Exercise instructions -> An exact copy of every record below is required, with the pictures left out.

Data for processing ->
* * * * *

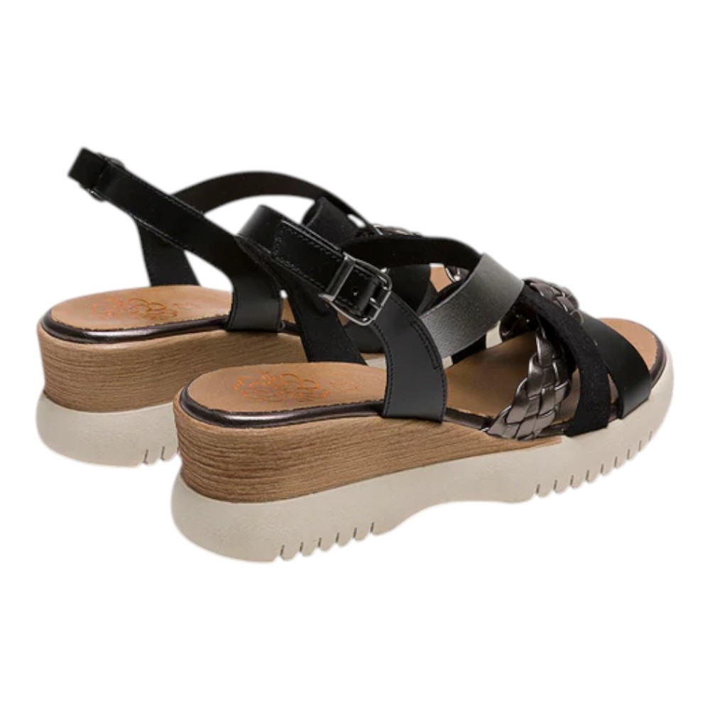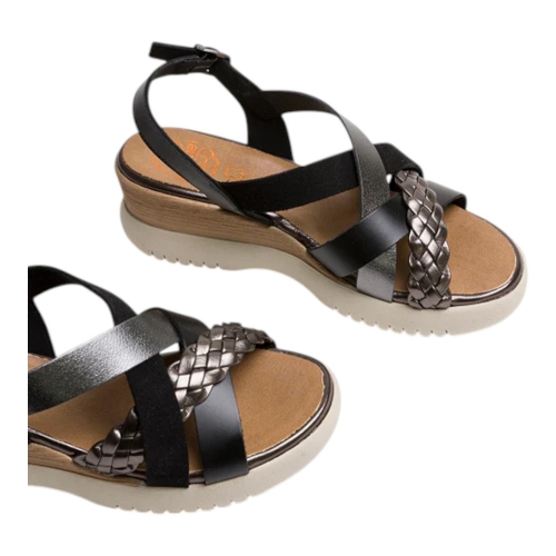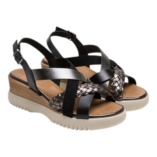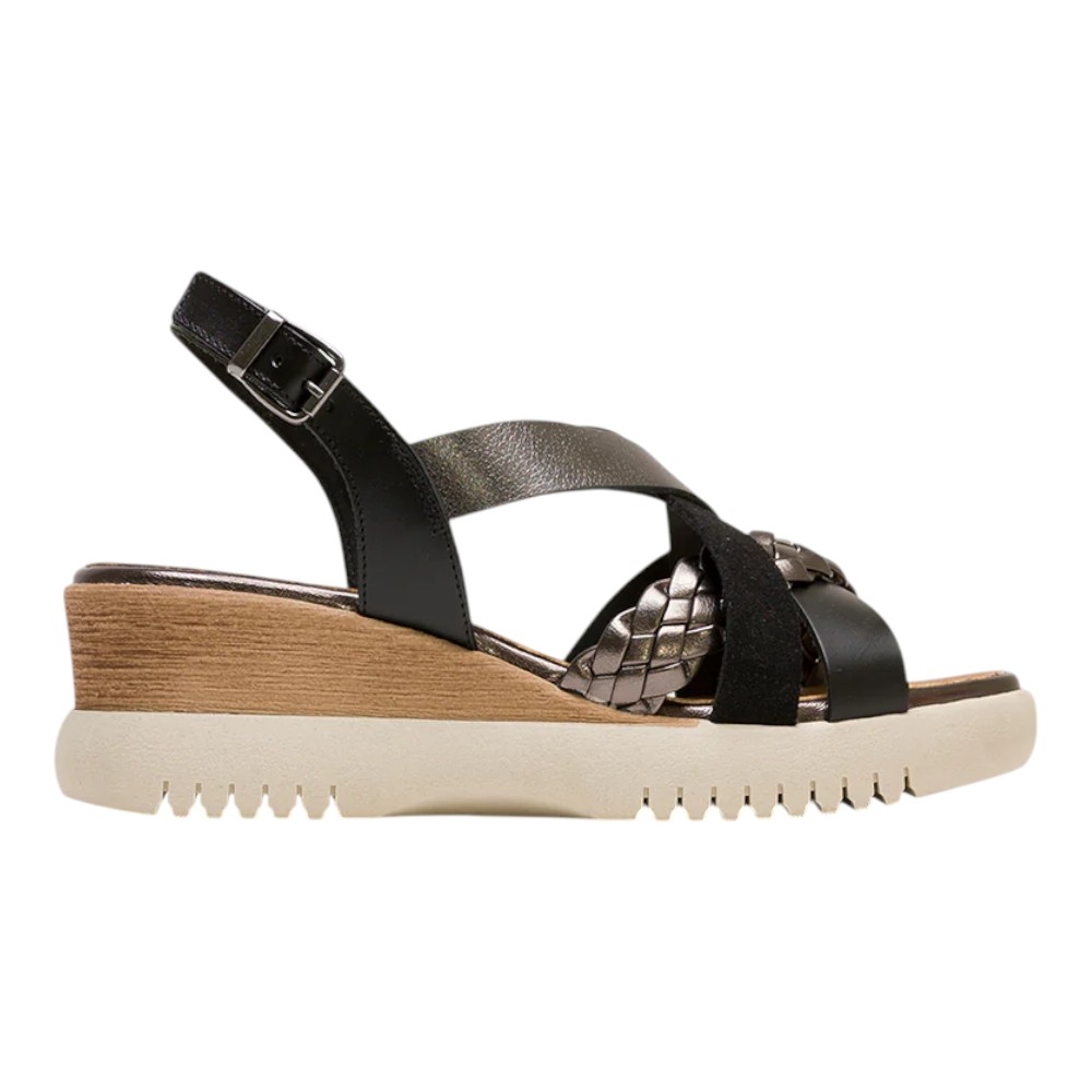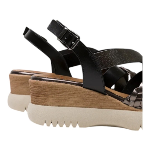 Sandalias de cuña de piel de tiras entrelazadas en diferentes tonos y detalle de trenza metalizada. Cierre con hebilla metálica lateral ajustable en el tobillo. Cuña de 5 cm de altura y plataforma delantera de 2 cm que combina acabados en varios materiales y tonalidades. Suela de poliuretano. Corte y plantilla acolchada de piel que garantiza una gran comodidad. Fabricadas artesanalmente 100% en España.
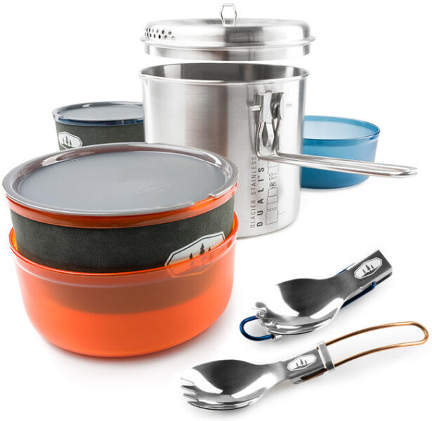A Glacier Dualist egy 2 személyes főzőedénykészlet 1,8 literes főzőedénnyel, amely kiváló minőségű Glacier rozsdamentes acélból készült. A készlet tartalmaz 2 tálat, 2 csészét perforált fedéllel az iváshoz, 2 összecsukható kanalat, egy perforált fedelet a víz leszűréséhez és egy fedelet az
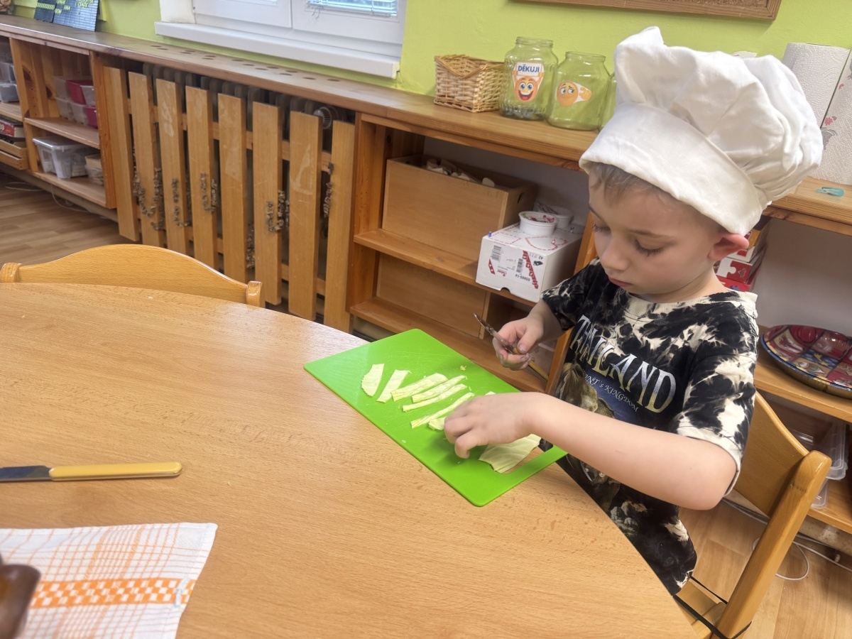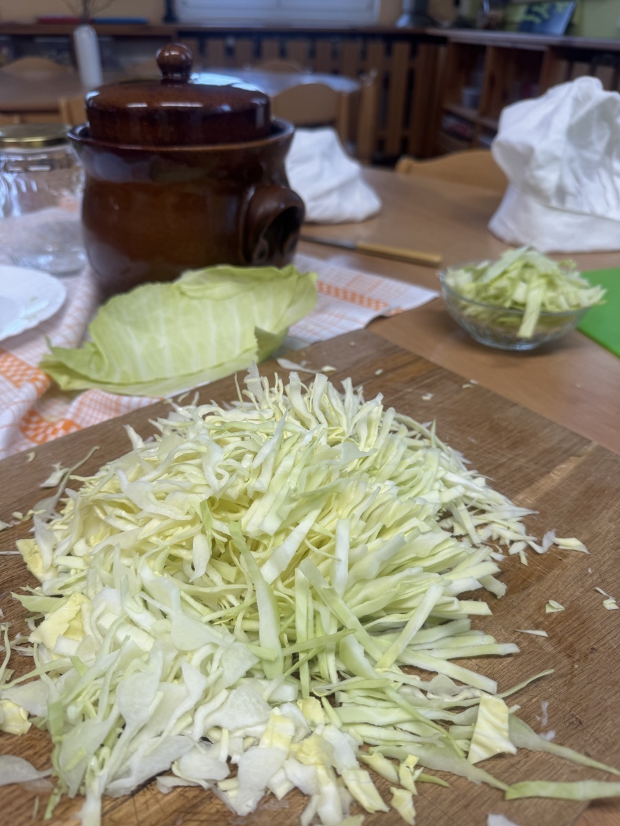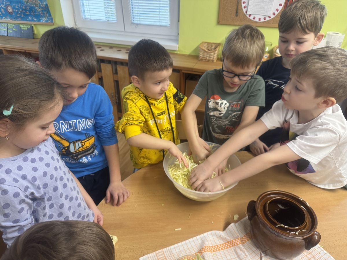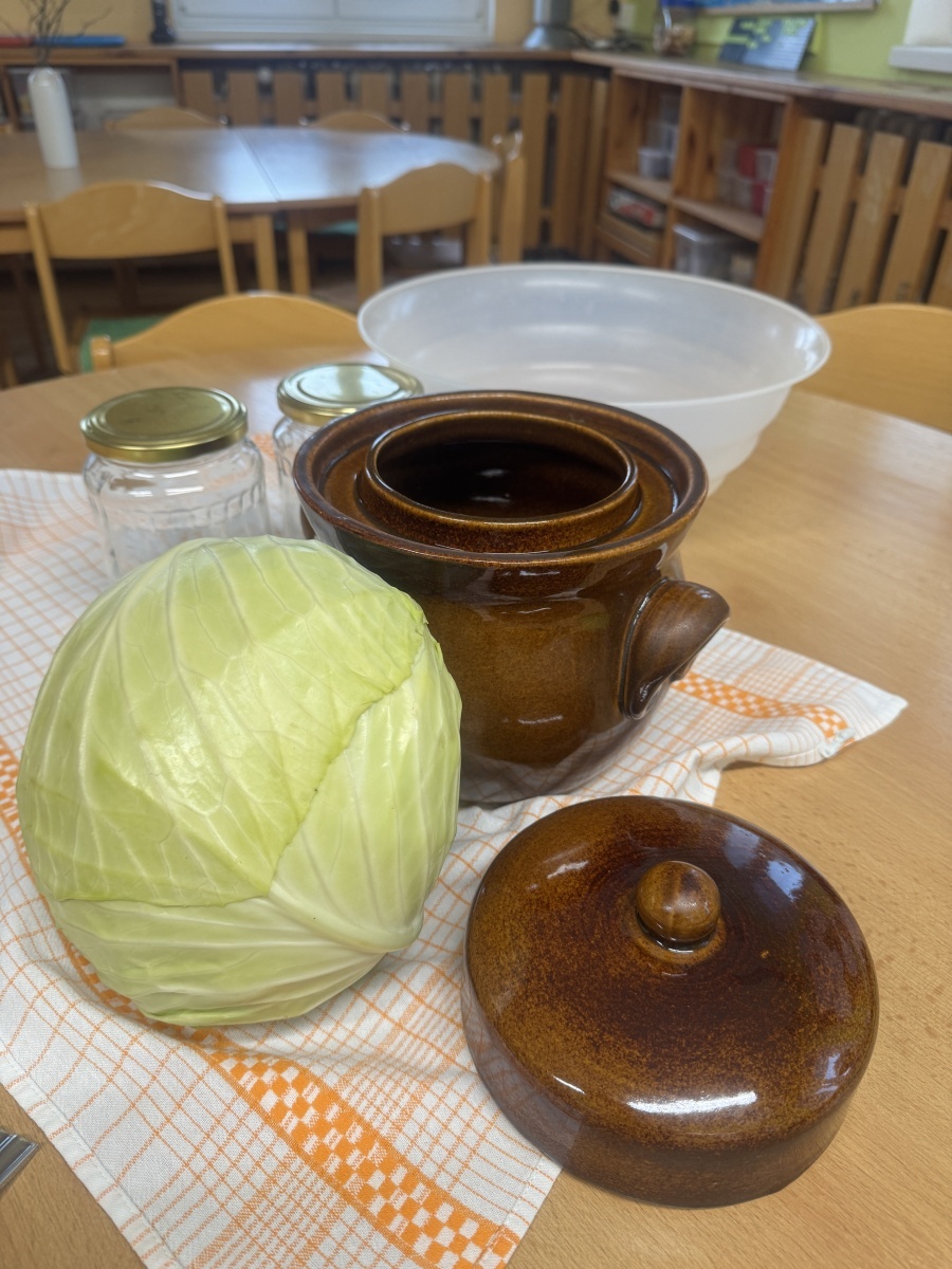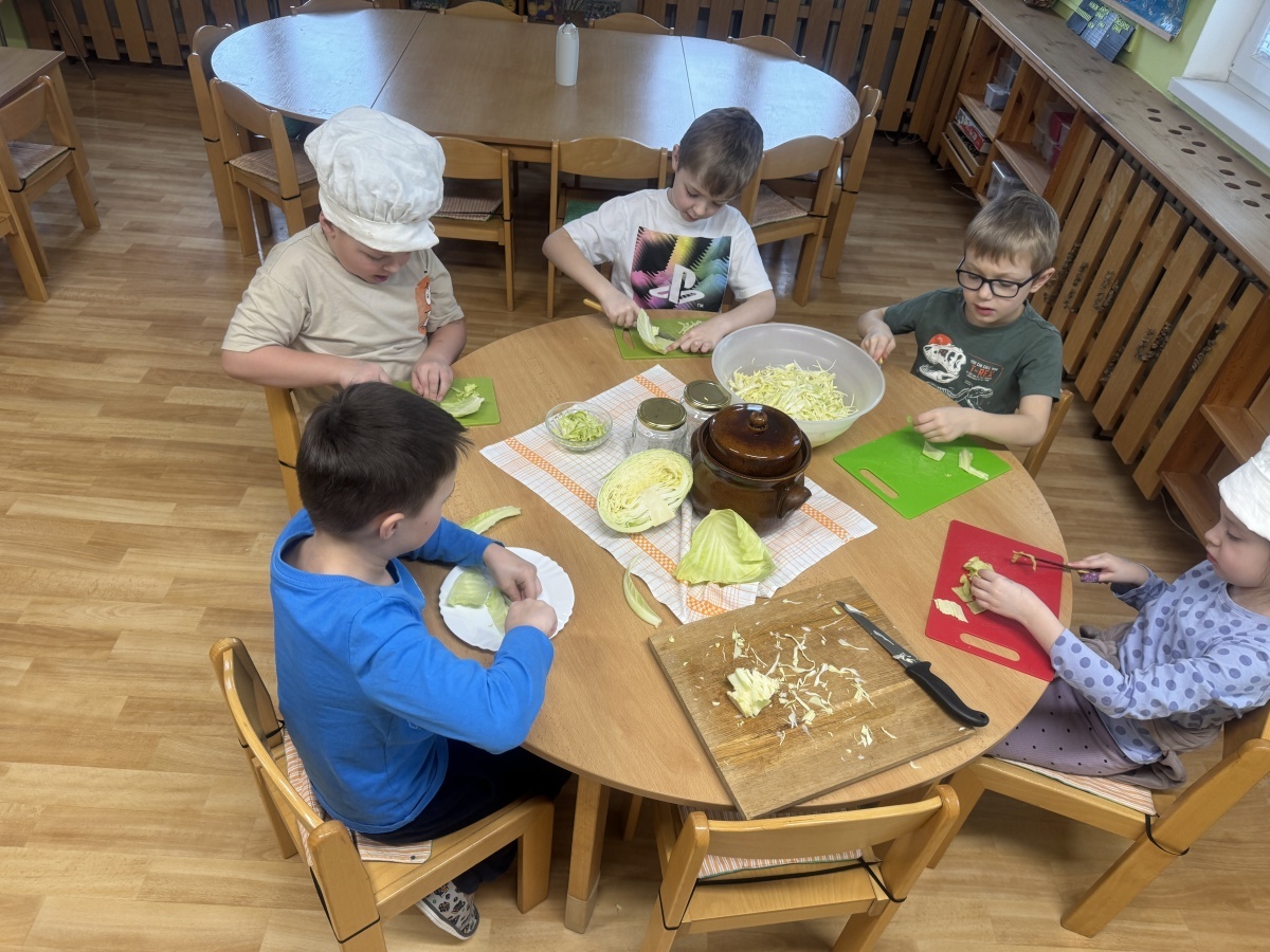 V naší školce jíme zdravě, protože víme, jak je to pro naše tělo důležité. Dneska hrály děti námětovou hru Na kuchaře a vytvořily si přírodní zdroj vitaminu C v podobě nakládaného zelí. Krájení, nakládání a pozorování procesu kvašení je pro děti obrovským prožitkem. A na první ochutnávku se už všichni těšíme.
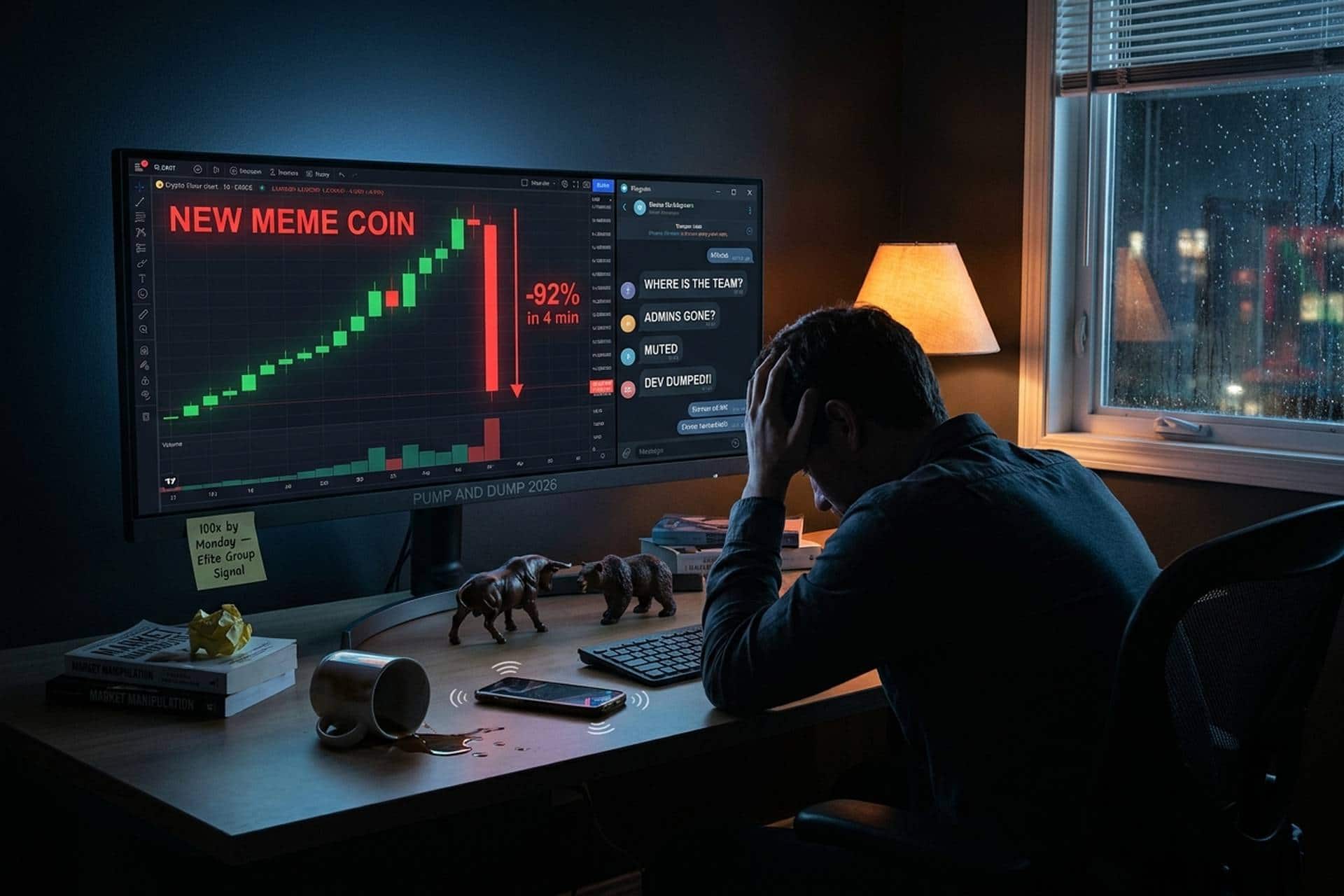 तीसरा चरण: डंप। एक बार कीमत और वॉल्यूम लक्ष्य तक पहुँच जाने पर, आयोजक सब कुछ बेच देते हैं। उनके वॉलेट से सारा पैसा खुदरा खरीदारों के पास चला जाता है। चार्ट में भारी गिरावट आती है, आमतौर पर कुछ ही घंटों या मिनटों में 80-99% तक। प्रचार बंद हो जाता है। टेलीग्राम ग्रुप शांत हो जाता है या डिलीट कर दिया जाता है। चेनैलिसिस के DEX पंप-डंप पूल के आंकड़ों के अनुसार, टोकन 6-7 दिनों के भीतर बेकार हो जाता है। आयोजक अपना मुनाफा कमा लेते हैं; खुदरा शेयरधारकों के पास एक बेकार टोकन रह जाता है।
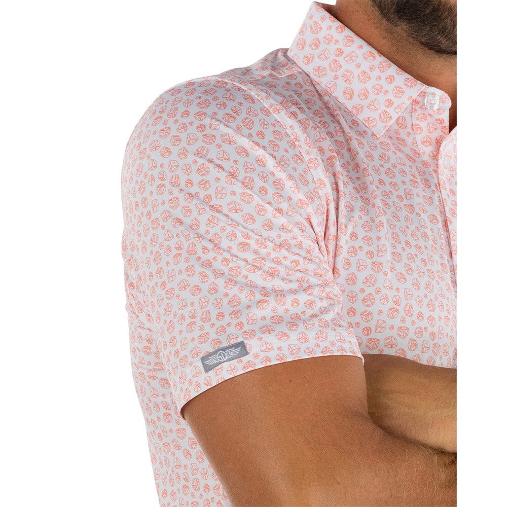 The Straight Down High Roller Polo is a versatile shirt that can be worn anywhere, but excels on the course. Made to not interrupt your game in any way, the High Roller polo is extra-stretchy and features an all-over dice print that may be just what you need for a night at the casino. The High Roller Polo is designed with a self collar and three button placket to provide a more comfortable and stylish version of what you’re already used to.

* * * * *

Task result ->
 Sandalias de cuña de piel de tiras entrelazadas en diferentes tonos y detalle de trenza metalizada. Cierre con hebilla metálica lateral ajustable en el tobillo. Cuña de 5 cm de altura y plataforma delantera de 2 cm que combina acabados en varios materiales y tonalidades. Suela de poliuretano. Corte y plantilla acolchada de piel que garantiza una gran comodidad. Fabricadas artesanalmente 100% en España.
A Glacier Dualist egy 2 személyes főzőedénykészlet 1,8 literes főzőedénnyel, amely kiváló minőségű Glacier rozsdamentes acélból készült. A készlet tartalmaz 2 tálat, 2 csészét perforált fedéllel az iváshoz, 2 összecsukható kanalat, egy perforált fedelet a víz leszűréséhez és egy fedelet az
 V naší školce jíme zdravě, protože víme, jak je to pro naše tělo důležité. Dneska hrály děti námětovou hru Na kuchaře a vytvořily si přírodní zdroj vitaminu C v podobě nakládaného zelí. Krájení, nakládání a pozorování procesu kvašení je pro děti obrovským prožitkem. A na první ochutnávku se už všichni těšíme.
 तीसरा चरण: डंप। एक बार कीमत और वॉल्यूम लक्ष्य तक पहुँच जाने पर, आयोजक सब कुछ बेच देते हैं। उनके वॉलेट से सारा पैसा खुदरा खरीदारों के पास चला जाता है। चार्ट में भारी गिरावट आती है, आमतौर पर कुछ ही घंटों या मिनटों में 80-99% तक। प्रचार बंद हो जाता है। टेलीग्राम ग्रुप शांत हो जाता है या डिलीट कर दिया जाता है। चेनैलिसिस के DEX पंप-डंप पूल के आंकड़ों के अनुसार, टोकन 6-7 दिनों के भीतर बेकार हो जाता है। आयोजक अपना मुनाफा कमा लेते हैं; खुदरा शेयरधारकों के पास एक बेकार टोकन रह जाता है।
 The Straight Down High Roller Polo is a versatile shirt that can be worn anywhere, but excels on the course. Made to not interrupt your game in any way, the High Roller polo is extra-stretchy and features an all-over dice print that may be just what you need for a night at the casino. The High Roller Polo is designed with a self collar and three button placket to provide a more comfortable and stylish version of what you’re already used to.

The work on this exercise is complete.